Co do tureckiej kawalerii - w takim razie chyba nie zwróciłeś uwagi , że szaserzy konni we francji kosztują prawie tyle samo co świetna btw jazda spahisów.Wcale nie tacy świetni lekkokonni dragoni KGL w GB kosztują 680 - niewiele mniej. A morale armii tureckiej - masz rację jesli mówisz o tych wszystkich milicjach , ale jeszcze mi się nie zdarzyło żeby ktokolwiek grając turkami wziąl więcej niż jeden oddział tej milicji. A baszybuzukowie - świetna jednostka - głównie dlatego , że kosztują tylko 250. Mówisz , że mają niskie morale , ale za taką cene wystarczy , że dasz 2-3 belki doświadczenia - każda belka daje jeden morale więcej - i już masz wypasioną tanią jednostkę do ataku. A przede wszystkim do przyjęcia ostrzału. Ostatnio wysłałem 1 oddział z 1 belką na liniówkę żeby dał czas kawalerii. Nie dośc , że przeżył ostrzał fizylierów pruskich to jeszcze dwóch oddziałów muszkieterów i wszedł nawet z nimi do walki mając stan osobowy poniżej 50 %

Maharbal
30-12-2010, 20:18
Zanim ruskie jednostki dobiegną do linii francuskich wojsk, ,,staruchy" wystrzelają około 50% stanu osobowego oddziału naprzeciwko, a reszta nie będzie ustępować. Za te 10 k można wystawić Francją nawet niezłe wojsko(a na tle Rosji to już wręcz bardzo dobre).

Taki przykład pierwszy, jaki mi się nasunął tutaj(oczywiście upraszczając pewne działania) ;)

Sareth4
30-12-2010, 20:41
Zanim ruskie jednostki dobiegną do linii francuskich wojsk, ,,staruchy" wystrzelają około 50% stanu osobowego oddziału naprzeciwko, a reszta nie będzie ustępować. Za te 10 k można wystawić Francją nawet niezłe wojsko(a na tle Rosji to już wręcz bardzo dobre).

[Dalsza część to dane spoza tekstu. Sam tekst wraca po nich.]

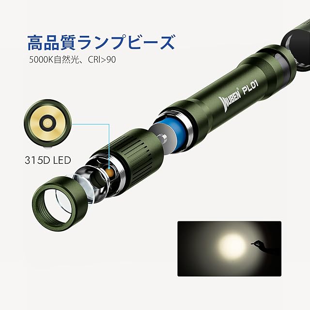 650高ルーメン懐中電灯:このコンパクトなペン型懐中電灯は4つのモードを提供します。(ハイからムーン:650LM/150LM/50LM/1LM)、高性能LEDビーズを搭載し、瞬時に近距離の検索に強力な照明を提供する超明るい650ルーメンを解放します。
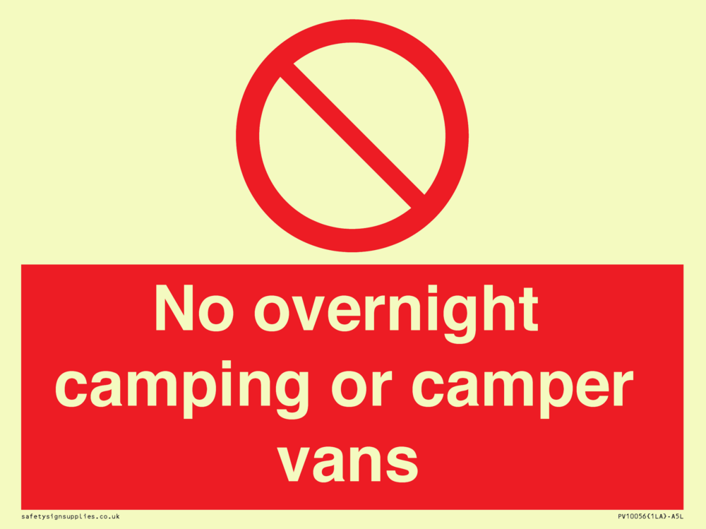 No overnight camping or camper vans Sign

Dlatego o to chodzi , żeby wbic pod ostrzał milicje a dosłownie 5-6 sekund później wjechac kawalerią :) Nawet staruchy w tyle nie przeładują . Jesli zrobią czworobk to trudno jesli nie to stracą sporo stanu osobowego :) A jesli nawet zrobią to czekasz i walczysz tą kawalerią aż podejdzie Twoja piechota i tyle.Chodzi o to żeby dobrze obserwowac pole bitwy. Widzisz ze tylko piechota wychodzi z czworoboku - wysylasz piechotę do walki wręcz.Widzisz ze milicja dostala już ostrzał od liniowej - dajesz kawalerię na bieg i wpadasz w liniówkę. Trzeba wszystko ze sobą schynchronizowac i wtedy dopiero można bez problemu wygrac :))

Hawkx
18-01-2011, 15:57
Macie jakiś sposób na tych cholernych Prusaków? Biorę normalnie armię z częściowo z tymi lepszymi jednostkami typu gwardia piesza no, a koleś zaspamuje słabymi jednostkami lekkiej np 5 lekkiej i pięć muszkieterów do tego 4 kawalerii i generał. To razem 15 ja w tej sytuacji mam tylko 12 jednostek i miażdży mnie w ciągu 2,3 minut. Radzicie sobie jakoś z takimi noobkami? Mnie bardzo denerwuje jak 3 razy z rzędu nie mogę normalnej bitwy stoczyć bo mi na serwer tacy punkciarze wpadają.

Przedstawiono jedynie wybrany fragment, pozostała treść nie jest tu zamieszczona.